Jablonske had a homeowners policy issued by Metropolitan Property and Casualty Insurance Company. The policy covered the South Oaks property, subject to certain exclusions. One excluded coverage for “accidents happening on [Jablonske’s] business premises,” specifically for “liability or claims connected with any business profession or occupation.” Another exclusion stated that coverage would not apply for claims that arose from “accidents or incidents on [Jablonske’s] business premises.” Yet another clause stated that coverage for incidents in connection with vacant land was provided so long as the land was not used for farming or ranching.

Adjacent to the South Oaks property was a parcel of land called Century South.

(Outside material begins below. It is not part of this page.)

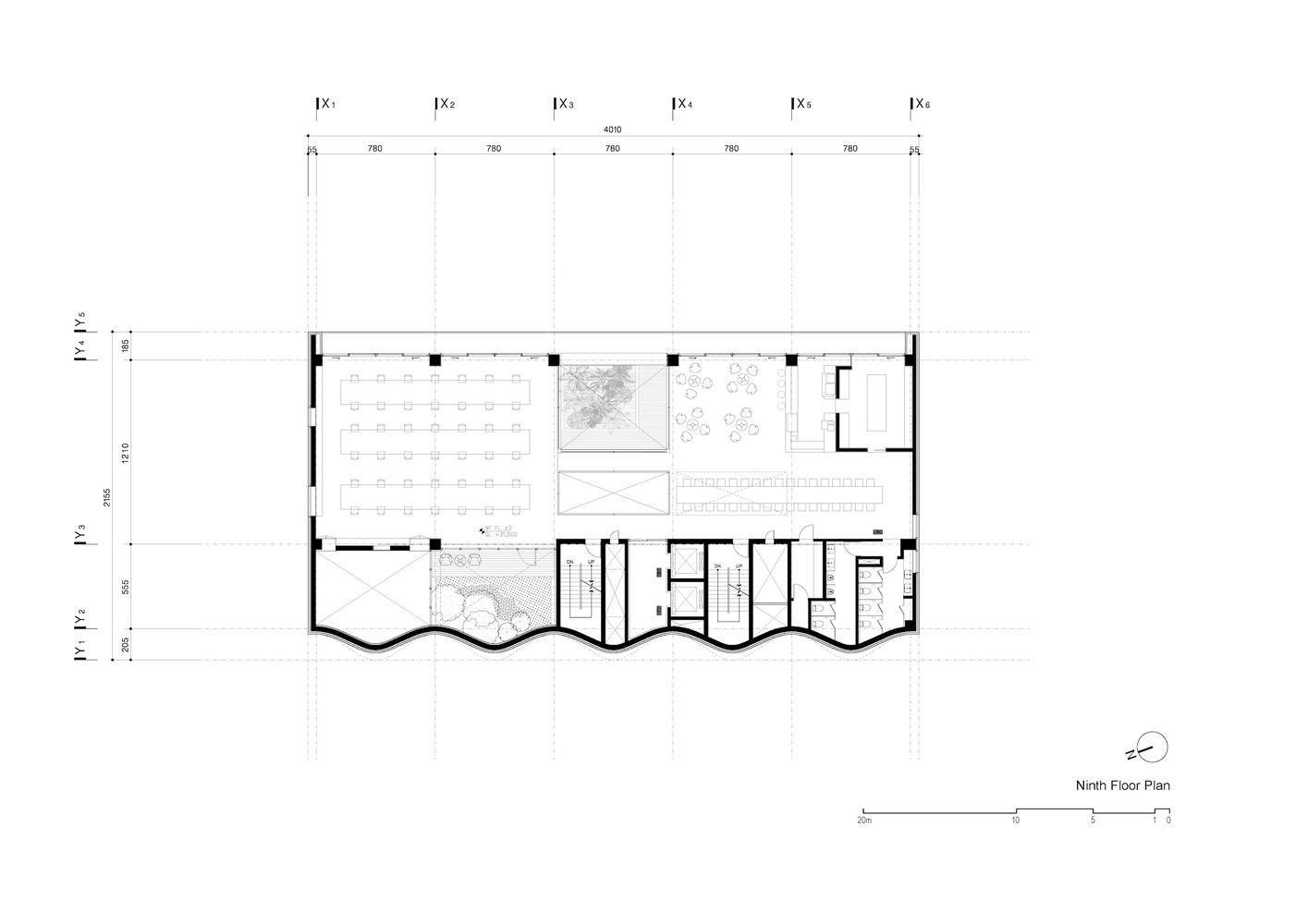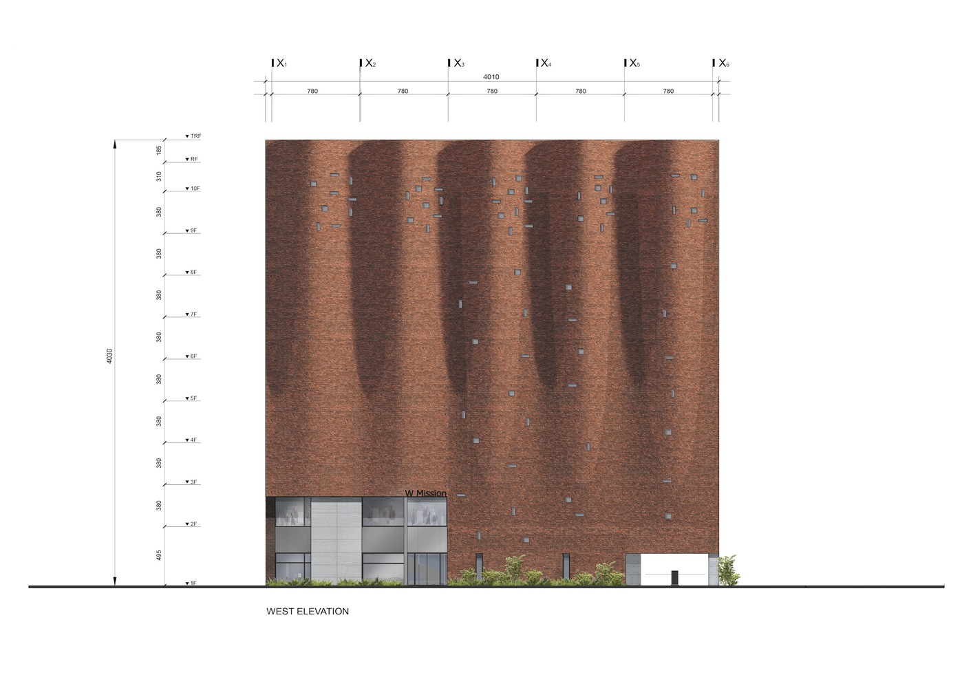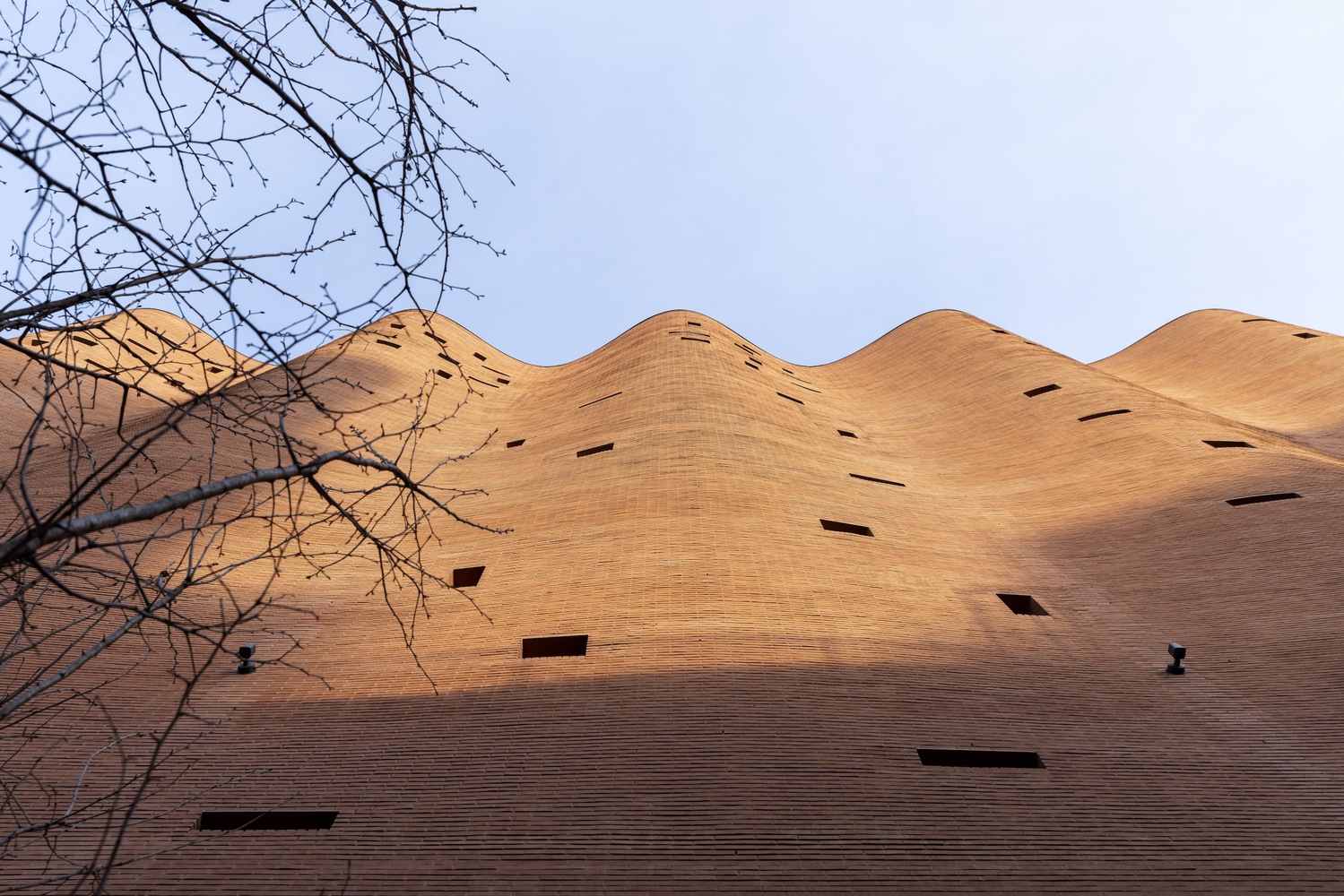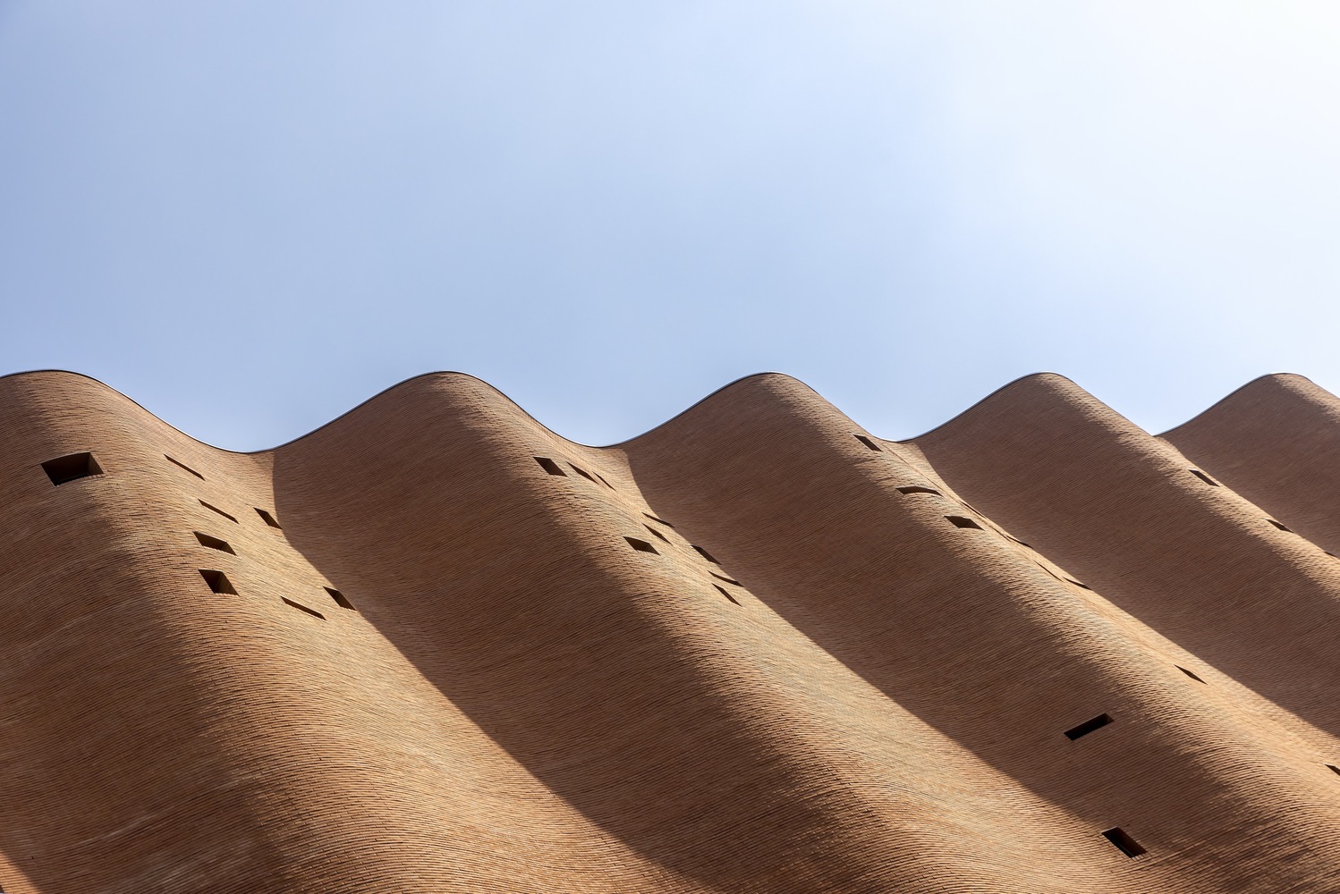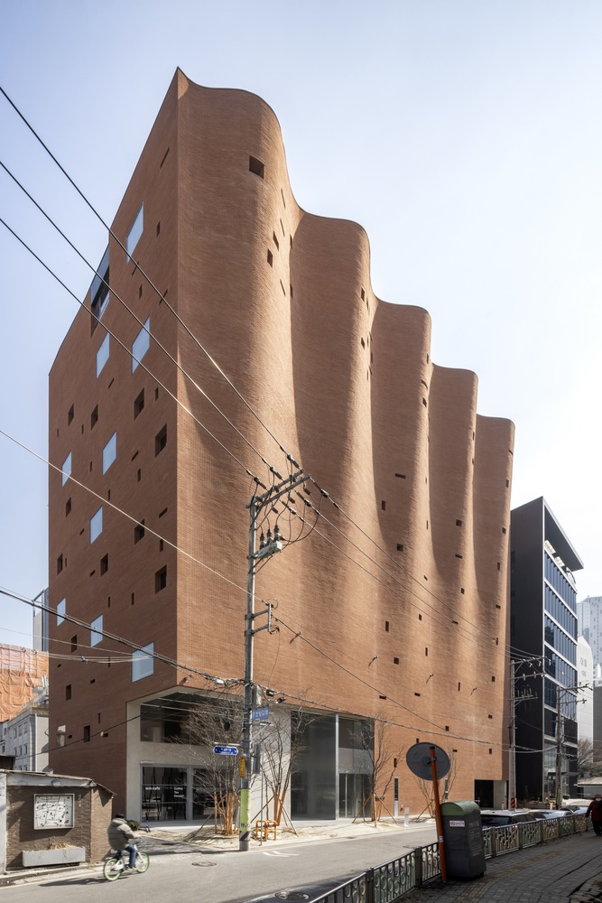 The reproduction of drapery in stone sculpture, as researched during the design process of the Administrative Building for the Textilverband, has always represented a captivating paradox. In this case, the traditional brick masonry system offered great capacity to depict and adapt to the desired curve. Brick construction has a long historical tradition in Seoul. The adopted solution, in this case, is a literal ‘curtain wall’ system using bricks attached to a concrete wall cast “in situ,” which serves as a guide for constructing the curve. With the help of a digital computational tool, we could devise a rather simple algorithm for creating the intended wave effect rising up to the sky. With 520 courses of brick height, every 24 courses, a new brick is added to achieve the desired curve growth. The wave amplitude ranges from 0 on the third floor, where it starts, to 170cm at the roof line.

This parcel was being developed into a residential housing development by a company called Lyman Construction. As part of this development, it was necessary to construct a sanitary sewer and water connection, as well as a storm sewer outlet. These improvements affected the South Oaks property as well as Century South, and Jablonske understood they would benefit his South Oaks development project as well. Jablonske granted several easements and a right of entry permit for South Oaks as part of the process.

On January 14, 2002, Joseph Senko was injured while snowmobiling on the South Oaks property when he struck a ditch constructed as part of the storm sewer outlet. Senko sued Jablonske as well as other organizations involved in the construction of the storm sewer. Jablonske tendered the issue to his business insurer, State Farm Insurance Company, and to Metropolitan. Initially, both insurance companies accepted defense of the claim, but State Farm later denied coverage and withdrew its defense. Metropolitan continued its defense but filed a declaratory judgement action to determine its obligations.

In the declaratory judgment action, the lower court found that there was no coverage under the Metropolitan policy because the business activities and farming exclusions applied. The Senkos, standing in the shoes of Jablonske, appealed.

The Senkos argued that there was a distinction between a “business” exclusion and a “business pursuits” exclusion, and that a “business” exclusion should be interpreted narrowly. According to the Senkos, the Metropolitan policy had a “business” exclusion. Interpreting the exclusion narrowly, the Senkos argued, their claims were not connected to Jablonske’s business; thus, they were not excluded.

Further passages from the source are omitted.